Un creciente grupo de políticos y académicos ha argumentado en los últimos años que el énfasis en aumentar el acceso a la universidad representa una especie de meritocracia arrogante que degrada el valor de aquellos que no asisten a la universidad. Esta afirmación me parece equivocada, como una excusa fácil de nuestro fracaso colectivo para hacer que la educación superior sea más accesible. Creer en la importancia de terminar la universidad no es un acto de arrogancia sino de responsabilidad cívica. Necesitamos que más personas asistan a la universidad, no principalmente porque nuestra economía lo exija, sino porque nuestra democracia depende de ello.
No me importa si la gente abandona la universidad argumentando a favor o en contra de la economía de la oferta, a favor o en contra del socialismo o el capitalismo, a favor o en contra de una legislación o política pública en particular. Quiero que dejen la universidad sabiendo cómo discutir. Si se les niega ese conocimiento, creo que es más probable que expresen sus frustraciones arrojando una piedra por una ventana.

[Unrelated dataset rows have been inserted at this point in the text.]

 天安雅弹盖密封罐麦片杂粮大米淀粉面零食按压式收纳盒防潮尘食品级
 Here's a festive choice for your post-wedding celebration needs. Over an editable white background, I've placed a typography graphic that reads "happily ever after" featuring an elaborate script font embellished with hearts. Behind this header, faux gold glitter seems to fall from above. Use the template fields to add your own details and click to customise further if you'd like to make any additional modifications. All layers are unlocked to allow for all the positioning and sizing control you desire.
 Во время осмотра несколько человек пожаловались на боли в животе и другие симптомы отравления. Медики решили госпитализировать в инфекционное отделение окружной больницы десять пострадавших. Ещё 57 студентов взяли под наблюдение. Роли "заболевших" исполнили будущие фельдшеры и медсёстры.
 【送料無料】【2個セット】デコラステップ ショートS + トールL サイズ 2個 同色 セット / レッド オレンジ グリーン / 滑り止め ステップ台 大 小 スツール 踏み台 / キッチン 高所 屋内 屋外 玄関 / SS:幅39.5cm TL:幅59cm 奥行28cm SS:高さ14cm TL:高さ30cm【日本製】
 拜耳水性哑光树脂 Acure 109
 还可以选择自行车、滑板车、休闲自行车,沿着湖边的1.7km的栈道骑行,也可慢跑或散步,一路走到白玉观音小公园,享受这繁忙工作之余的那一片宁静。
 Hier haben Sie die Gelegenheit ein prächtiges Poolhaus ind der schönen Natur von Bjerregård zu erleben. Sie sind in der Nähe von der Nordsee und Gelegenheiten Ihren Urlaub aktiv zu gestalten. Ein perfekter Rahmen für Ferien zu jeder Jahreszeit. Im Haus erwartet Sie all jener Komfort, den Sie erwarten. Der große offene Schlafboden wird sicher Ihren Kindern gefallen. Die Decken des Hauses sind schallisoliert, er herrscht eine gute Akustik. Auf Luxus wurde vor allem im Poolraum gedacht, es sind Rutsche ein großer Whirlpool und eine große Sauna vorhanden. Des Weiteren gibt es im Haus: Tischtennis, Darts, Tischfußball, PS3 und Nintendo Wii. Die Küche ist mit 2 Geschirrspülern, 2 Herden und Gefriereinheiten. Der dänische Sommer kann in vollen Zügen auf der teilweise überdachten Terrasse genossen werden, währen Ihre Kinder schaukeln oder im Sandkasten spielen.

Por supuesto, aprender a percibir la verdad no es garantía de respeto por la verdad. Siempre habrá quienes, como Ted Cruz y Josh Hawley, conocen la verdad pero la abandonan en busca del poder y el interés propio. Ninguna universidad u otra estructura de la sociedad puede evitar esto. Sin embargo, educar a más personas podría hacer que sea menos probable que esas personas sean elegidas para puestos de poder. Hay una razón por la que Donald Trump, en un raro momento de honestidad, proclamó : “Amo a los de poca educación”. Sin ellos no sería presidente. Esto no es elitismo; es la verdad.
Antes de las elecciones presidenciales de noviembre, describí a Trump como una “granada de mano epistemológica”. El 6 de enero el mundo vio explotar esa granada de mano en las escaleras del Capitolio de los Estados Unidos.